You will need to inherit image.mixin in your model. Here is how you can add image.mixin to your model:
class LibraryBook(models.Model):
_name = 'library.book'
_description = 'Library Book'
_inherit = ['image.mixin']
The mixin will automatically add five new fields to the books model to store images of different sizes. See the How it works… section to learn about all five fields.
How it works...
The image.mixin instance will automatically add five new binary fields to the model. Each field stores image with a different resolution. Here is a list of the fields and their resolutions:
- image_1920: 1,920x1,920
- image_1024: 1,024x1,024
- image_512: 512x1,512
- image_256: 256x256
- image_128: 128x128
Of all the fields given here, only image_1920 is editable. The other image fields are read-only and update automatically when you change the image_1920 field. So, in the backend form view of your model, you need to use the image_1920 field to allow the user to upload images. But by doing so, we are loading large image_1920 images in the form view. However, there is a way to improve performance by using image_1920 images in the form view but displaying smaller images. For instance, we can utilize the image_1920 field but display an image_128 field. To do this, you can use the following syntax:
<field name="image_1920" widget="image"
options="{'preview_image': 'image_128'}" />
Once you have saved the image to the field, Odoo will automatically resize the image and store it to the respective field. The form view will display the converted image_128 as we use it as preview_image.
Note
The image.mixin model is AbstractModel, so its table is not present in the database. You need to inherit it in your model in order to use it.
With this image.mixin, you can store an image with a maximum resolution of 1,920x1,920. If you save an image with a resolution higher than 1,920x1,920, Odoo will reduce it to 1,920x1,920. While doing so, Odoo will also preserve the resolution of the image, avoiding any distortion. As an example, if you upload the image with a 2,400x1,600 resolution, the image_1920 field will have a resolution of 1,920x1,280.
There's more...
With image.mixin, you can get images with certain resolutions, but what if you want to use an image with another resolution? To do so, you can use a binary wrapper field image, as in the following example:
image_1500 = fields.Image("Image 1500", max_width=1500, max_height=1500)
This will create a new image_1500 field, and storing the image will resize it to 1,500x1,500 resolution. Note that this is not part of image.mixin. It just reduces the image to 1,500x1,500, so you need to add this field in the form view; editing it will not make changes to the other image fields in image.mixin. If you want to link it with an existing image.mixin field, add the related="image_1920" attribute in the field definition.
Accessing grouped data
When you want data for statistics, you often need it in a grouped form, such as a monthly sales report, or a report that shows sales per customer. It is time-consuming to search records and group them manually. In this recipe, we will explore how you can use the read_group() method to access grouped data.
How to do it...
Perform the following steps:
Note
The read_group() method is widely used for statistics and smart stat buttons.

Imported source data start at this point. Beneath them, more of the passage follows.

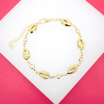 Sea Ocean Puka Shell Charm Bracelet With Round Clear CZ Stones (I167)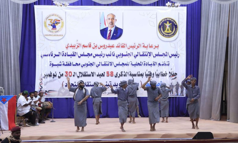 انتقالي شبوة ينظم حفلاً خطابياً وفنياً احتفاءً بالذكرى الـ58 لعيد الاستقلال الـ30 من نوفمبر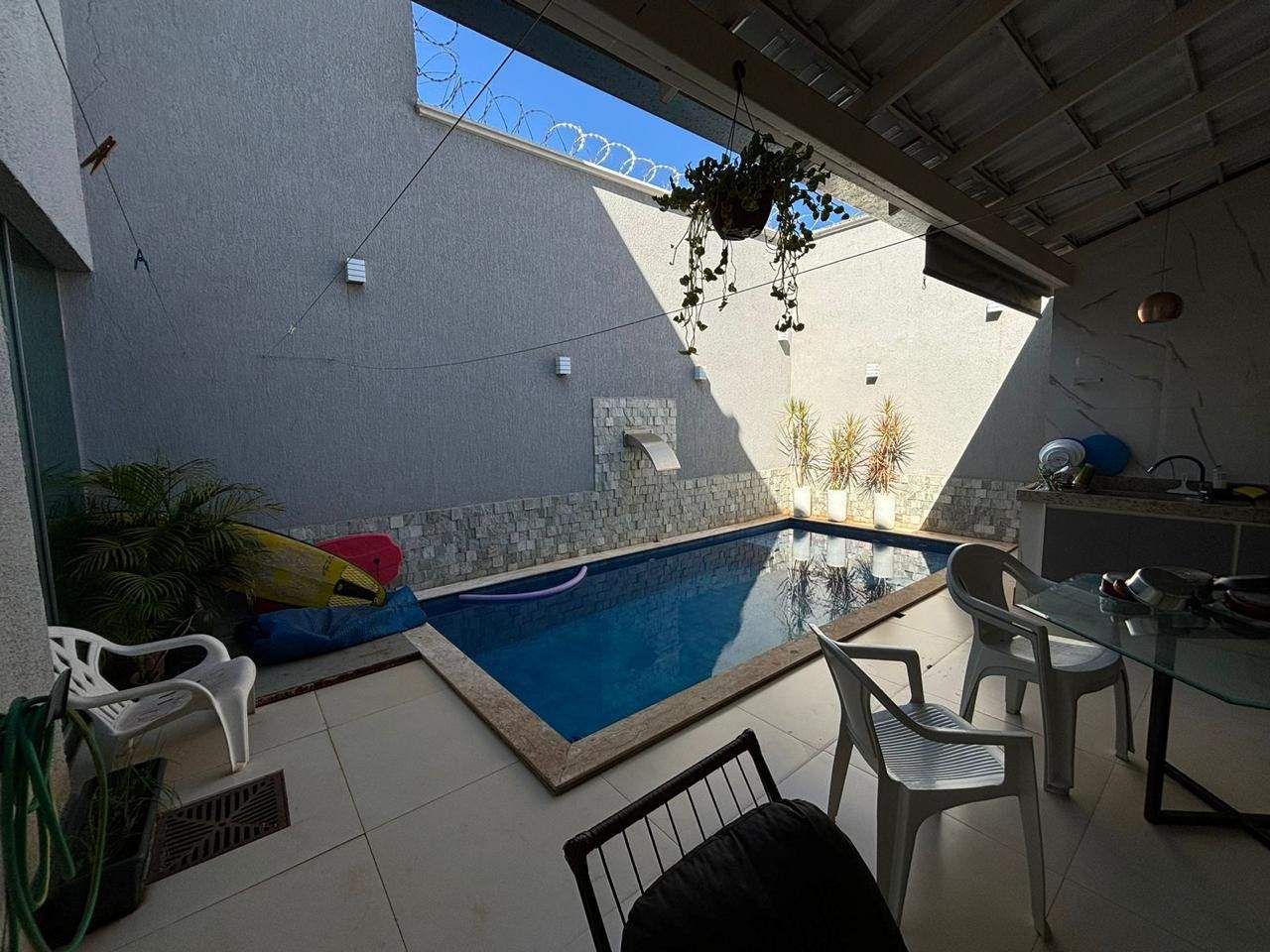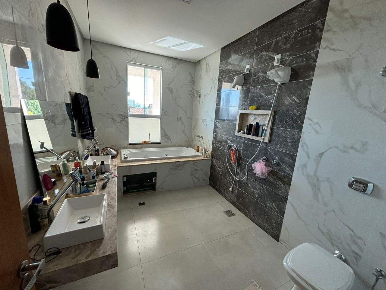À venda, 4 quartos sendo 1 suíte, 5 banheiros, até 4 vagas de garagem, 296m² de área construída. Sobrado com localização exclusiva, frente nascente e vista livre para a cidade, composto por sala ampla, copa/cozinha com balcão americano, copa, área com churrasqueira e cozinha, lavanderia e piscina com hidromassagem e cascata. Suíte com sacada, closet e banheira de hidromassagem, acabamento em porcelanato e vidros verdes. Analisa permuta por imóveis ou veículos de menor valor.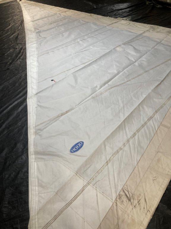 This Hood Sails Dacron Staysail is rated 7/10 for the main body of the sail which is in very good condition. The UV sun cover is rated 2/10 as it required replacing (cost $695). Note the staysail block can easily be removed and a ring installed. Blue round draw string bag provided.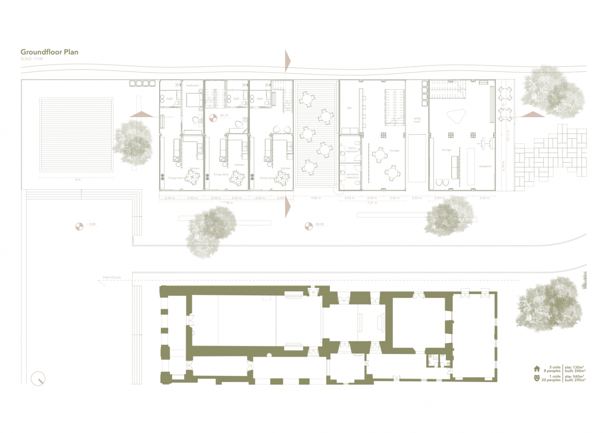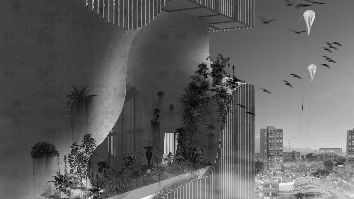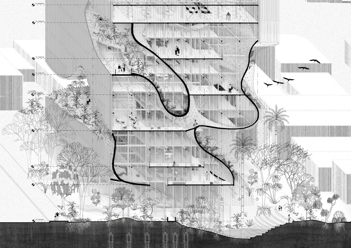 Na dachu zaproponowano nadbudowę w formie nowoczesnego pawilonu z drewna CLT będącego przestrzenią o funkcji coworkingu dla mieszkańców, która nawiązuje do konstrukcji żelbetowych widocznych na zdjęciach historycznych.
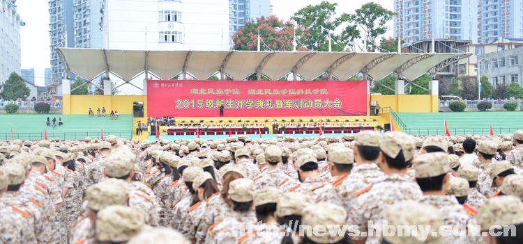 本网讯9月14日上午,湖北民族学院、湖北民族学院科技学院2015级新生开学典礼暨军训动员大会在五环运动场隆重举行。来自全国各地、各民族的7000余名2015级新生及新生家长代表参加了开学典礼。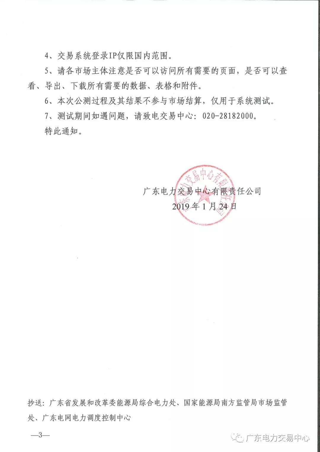 按照市場建設(shè)的工作部署,廣東電力交易中心近期對交易系統(tǒng)進行了優(yōu)化升級,為保障交易順利開展,現(xiàn)定于1月25日通過交易系統(tǒng)進行月度交易功能的第二次公開測試。請全部的批發(fā)市場主體必須按要求參與公開測試,如因未參與公開測試而導(dǎo)致后續(xù)不能正常進行月度交易的,后果自行承擔(dān)。通知原文如下: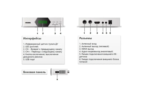 | Комплектация | Цифровая приставка. Пульт ДУ. Блок питания. Руководство пользователя. Кабель RCA. Элемент питания. |
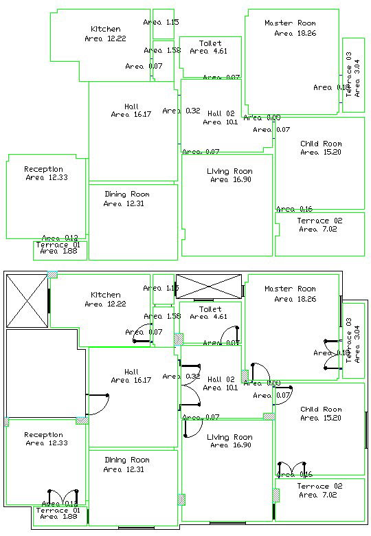 The door location of the 15x11m house plan AutoCAD drawing is given in this file. The living room, kitchen, child room, dining area, master bedroom, reception, and common toilets are available. For more details download the AutoCAD drawing file from our website.

- Let's assume that you want to show the number of sales orders on the partner form. This can be done by searching sales orders for a customer and then counting the length:
# in res.partner model
so_count = fields.Integer(compute='_compute_so_count', string='Sale order count')
def _compute_so_count(self):
sale_orders = self.env['sale.order'].search(domain=[('partner_id', 'in', self.ids)])
for partner in self:
partner.so_count = len(sale_orders.filtered(lambda so: so.partner_id.id == partner.id))
The previous example will work, but not optimally. When you display the so_count field on the tree view, it will fetch and filter sales orders for all the partners in a list. With this small amount of data, the read_group() method won't make much difference, but as the amount of data grows, it could be a problem. To fix this issue, you can use the read_group method.
- The following example will do the same as the preceding one, but it only consumes one SQL query, even for large datasets:
# in res.partner model
so_count = fields.Integer(compute='_compute_so_count', string='Sale order count')
def _compute_so_count(self):
sale_data = self.env['sale.order'].read_group(
domain=[('partner_id', 'in', self.ids)],
fields=['partner_id'], groupby=['partner_id'])
mapped_data = dict([(m['partner_id'][0], m['partner_id_count']) for m in sale_data])
for partner in self:
partner.so_count = mapped_data[partner.id]
The previous code snippet is optimized as it obtains the sales order count directly via SQL's GROUP BY feature.
How it works...
The read_group() method internally uses the GROUP BY feature of SQL. This makes the read_group method faster, even if you have large datasets. Internally, the Odoo web client uses this method in the charts and the grouped tree view. You can tweak the behavior of the read_group method by using different arguments.
Let's explore the signature of the read_group method:
def read_group(self, domain, fields, groupby, offset=0, limit=None, orderby=False, lazy=True):
The different parameters available for the read_group method are as follows:
- domain: This is used to filter records. This will be the search criteria for the read_group method.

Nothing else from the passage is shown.